Pakistan Steel Mills (PSM) and Pakistan International Airlines (PIA) are in news again and we all know the reasons.

The sustained failure of governments to successfully run them says a lot about priorities of the rulers. PSM was supposed to serve as the mainstay of industrial development, however, its mismanagement reached such levels that since 2006 governments have made attempts on a number of occasions to dispose it off to the private sector.

Even the said attempts being half-hearted and ill-conceived proved futile. We have observed this half-heartedness in many other instances too such as PIA. Similarly, the recurring fuel crisis and the ever-increasing shortage of gas reflect the failure of public sector enterprises (PSEs) concerned in managing the energy supply chain of the country.

Pakistan’s public sector has been in net loss since 2014-15 and the problem has only grown with time. The purpose of this article is to analyse the governance challenges of this most critical part of Pakistan’s economy ie the PSEs, which has been on ventilator since long, and to identify the steps essential to make the PSEs breathe on their own, especially, when their losses now exceed Pakistan’s defence budget outlay.

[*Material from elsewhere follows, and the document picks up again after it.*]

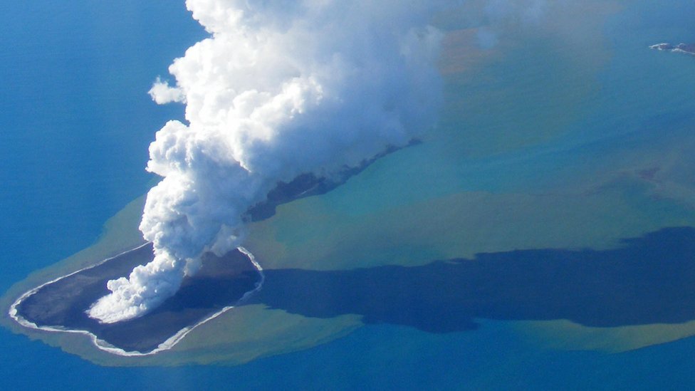 Büyük Okyanus’taki Tonga Takımadaları’nda patlayan bir denizaltı yanardağı, krallığı oluşturan 172 adadan birini batırdı. Yanardağın püskürttüğü lavlardan, batan adanın üç katı büyüklüğünde yeni bir ada oluştu.

Historically, billions of rupees have continued to disappear in them with no signs of recovery. The number has steadily grown over the past decade from Rs400 billion in 2008 to Rs1.5 trillion last year. Circular debt of the power sector alone is touching Rs2.4 trillion and energy companies like Oil and Gas Development Company (OGDC), Pakistan Petroleum Limited (PPL), Pakistan State Oil (PSO), Sui Northern Gas Pipelines Limited (SNGPL) and Sui Southern Gas Company (SSGC) are creaking under the increasing deadweight of their own receivables.

Unfortunately, despite the continued and profuse bleeding of the economy through the PSEs, successive governments have failed to come up with any viable plan to stop and reverse this – except for a few half-hearted attempts at privatisation.

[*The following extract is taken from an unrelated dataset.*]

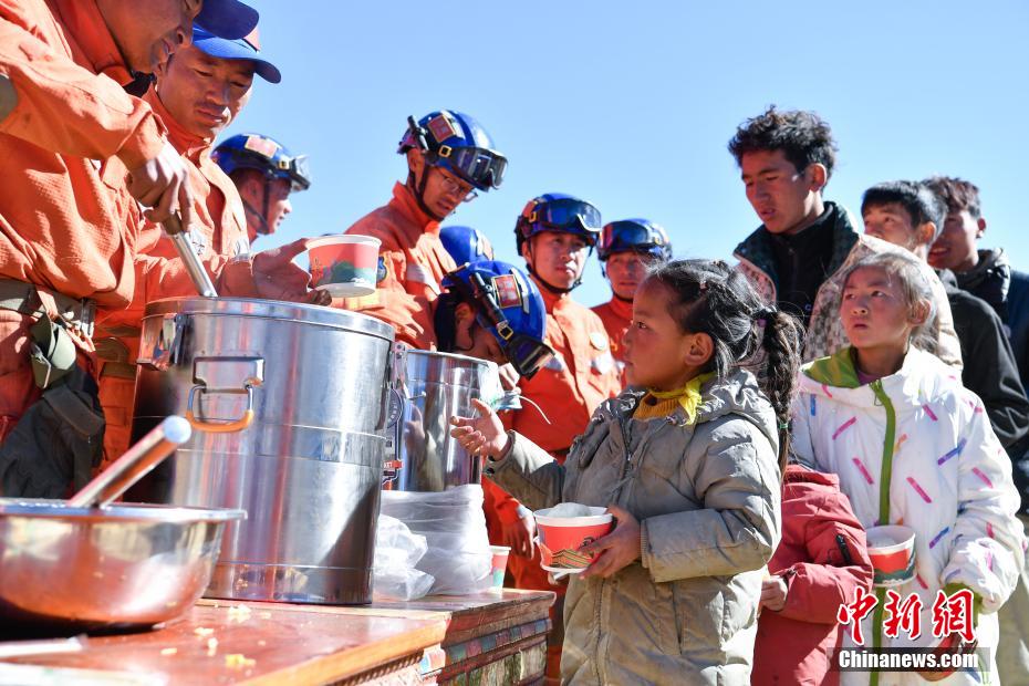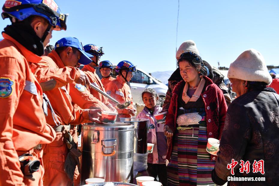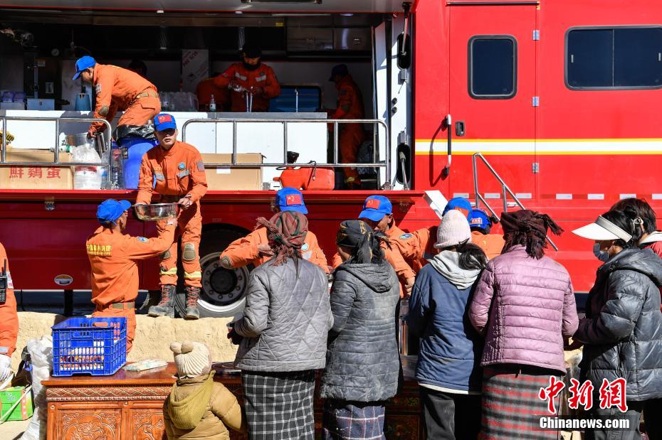 1月9日,西藏自治區(qū)定日縣曲洛鄉(xiāng)措昂村安置點,西藏自治區(qū)森林消防總隊救援人員為受災(zāi)民眾提供飲食。當(dāng)日,位于西藏自治區(qū)定日縣曲洛鄉(xiāng)措昂村安置點,西藏各級救援人員和愛心企業(yè)不斷轉(zhuǎn)運(yùn)、發(fā)放生活物資、搭建活動板房、全力保障受災(zāi)民眾的飲食供應(yīng)等,保障受災(zāi)民眾基本生活。中新社記者 貢嘎來松 攝

And, it’s not only the losses which need attention; the real loss is the revenue which they could generate. A half-hearted attempt was made in this regard by the present government by establishing Sarmaya-e-Pakistan, however, the composition of its board having three federal secretaries failed to address the root cause. No wonder that it disappeared in a short time.

After going through relevant records of the PSEs, we can only divide them into two categories ie either those which are already in loss or those which are still in positive but definitely performing much below their potential. There are no success stories ie a PSE operating along professional lines and proving to be a leader in its arena like Saudi Aramco, Statoil (now Equinor), Telenor, Maaden, SABIC, Petronas, SP Group, Emirates airline, etc.

Professional boards

We are all aware of the attempts at privatisation of various PSEs due to their continued losses. However, not much thought has ever been paid to constituting truly professional boards for them.

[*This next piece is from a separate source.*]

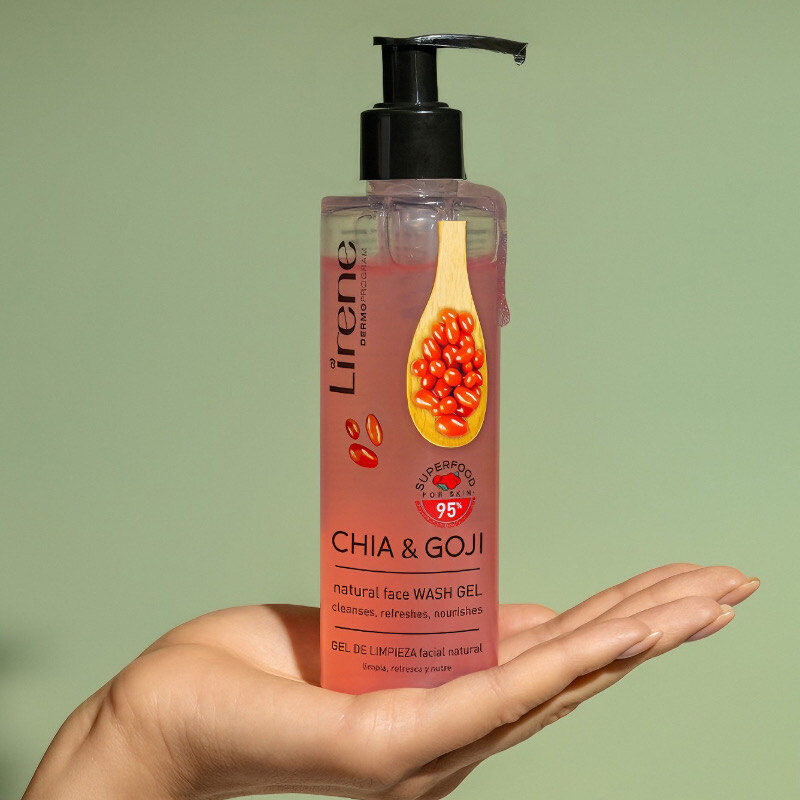 ژل شستشوی Lirene حاوی CHIA&GOJI حجم 190 میل با فرمولی طبیعی و ملایم، بهطور کامل آلودگیها و آرایش را پاک کرده و پوست را نرم و تغذیه میکند.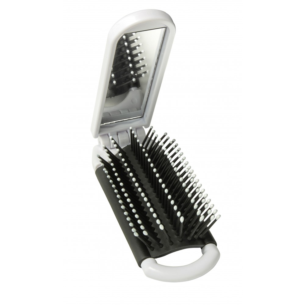 Összecsukható hajkefe tükörrel, fehér

Is it not the quality of leadership which ultimately matters in every case? What would a private owner do? He would just gather the best of that discipline and put them in the board and the senior management and things would start improving almost automatically.

PSEs in the world account for 20% of market capitalisation and a number of them can teach others a lot with respect to profitability, efficiency and agility. We need to study the methods of their governance and adopt them in Pakistan. As part of that study, this writer went through the operating models and composition of boards of several large international PSEs and also the operating perimetres and composition of boards of more than 10 PSEs in Pakistan. In order to understand the causes, I reviewed the boards of my sample companies according to the following yardstick:

a) Are the sitting directors equipped with the profiles capable of driving strategic development of companies? b) Would every current board member meet the minimum criteria, except for age, for the CEO’s position? c) Why owner’s (state) interest is being looked after by ministry officials in the PSEs? Are they not specialised fields requiring specialised knowledge and experience? d) Is it not a conflict of interest that ministry officials are serving as directors in the PSEs and also regulating them? e) Why can’t we allocate a few seats on each board to renowned international experts?

When the profiles of current board members of the PSEs of the sample group were run through the above sieve, a negligible number barely succeeded in passing through. No wonder then for where we are.